From Figure 10 and Figure 11, when the internal leakage coefficient changes, the lumped disturbance amplitude changes while the control error remains low. The control output then increases to compensate for the leakage flow. It can be found that the chattering phenomenon has been eliminated in Figure 10(c1,c2), and both the amplitude and frequency of the chattering near the equilibrium point have been reduced in Figure 11(c2). The reason is that a moderate increase in internal leakage enhances the hydraulic damping ratio, thereby improving system performance and reducing oscillations. However, excessive internal leakage can increase power losses, reduce hydraulic stiffness and control gain, and may cause the plant to stop operating. From Figure 11(c1), there is still the issue that the C1 control output is close to the saturation state, but the C4 control output amplitude is relatively smaller, which can effectively cope with parametric uncertainties.

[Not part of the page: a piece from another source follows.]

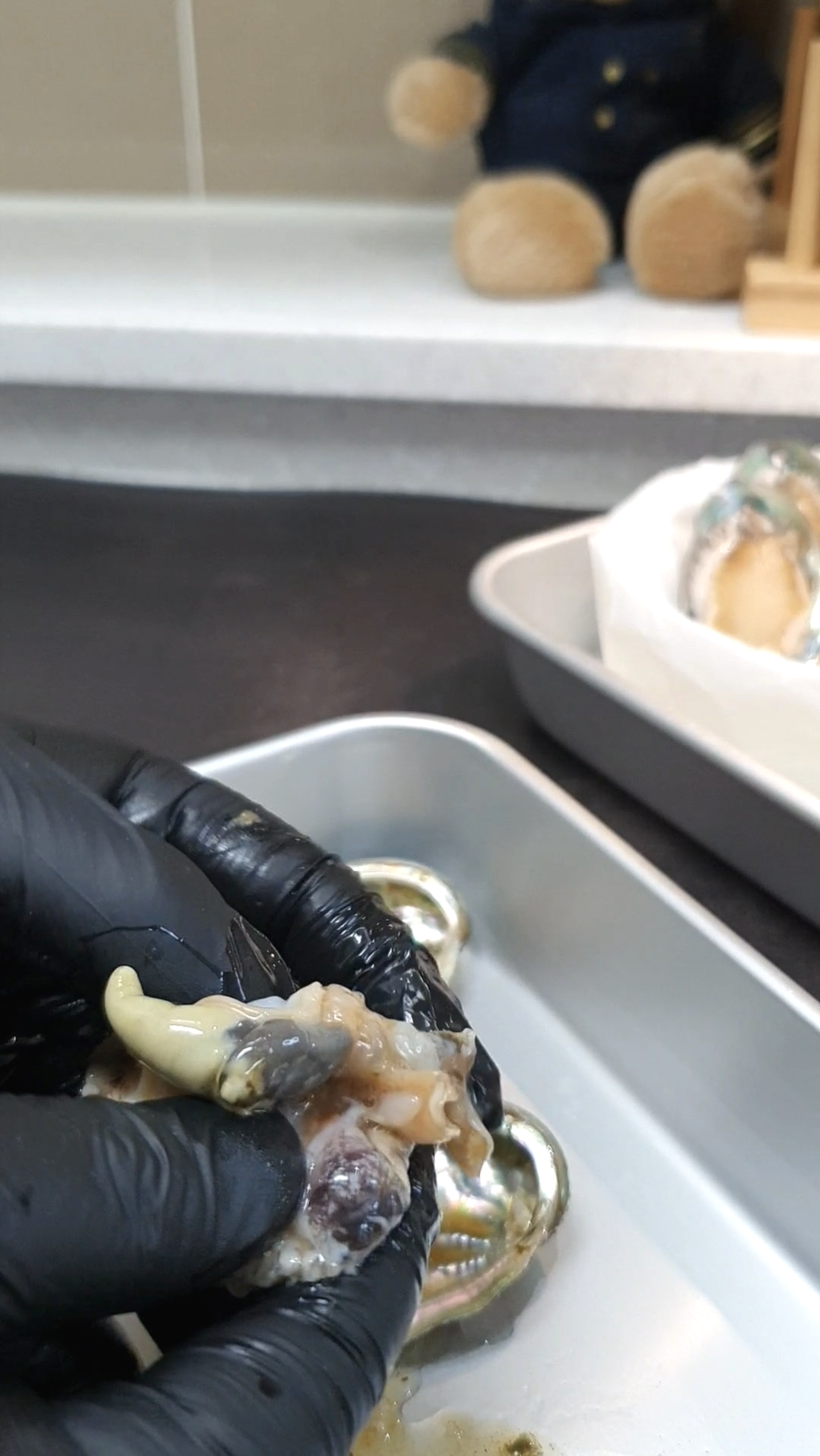 전복 내장을 떼어내 주고

To sum up, the proposed ESO-CFTSM is nonsingular and chattering-free, and the excellent tracking performance is achieved without being affected by lumped disturbances. Based on the above analysis, the proposed ESO-CFTSM is superior to the compared controllers.

5. Conclusions

In this paper, an ESO-based chattering-free TSM controller is proposed for the EHSS of the hydraulic manipulator. This controller considers all uncertainties and unknowns in the system dynamics as the lumped disturbances. The estimation of the EHSS states and disturbances is obtained by the ESO, and the control accuracy is improved by the feedforward compensation of disturbances. Since the TSM manifold in the proposed controller has the same order as the system, the direct differentiation of terms with fractional powers is avoided, and the singularity is ultimately eliminated. Additionally, the hyperbolic tangent function is used in the composite reaching law, and a low-pass filter is introduced to realize chattering-free control. Simulation results verify the efficiency and superiority of the proposed control method.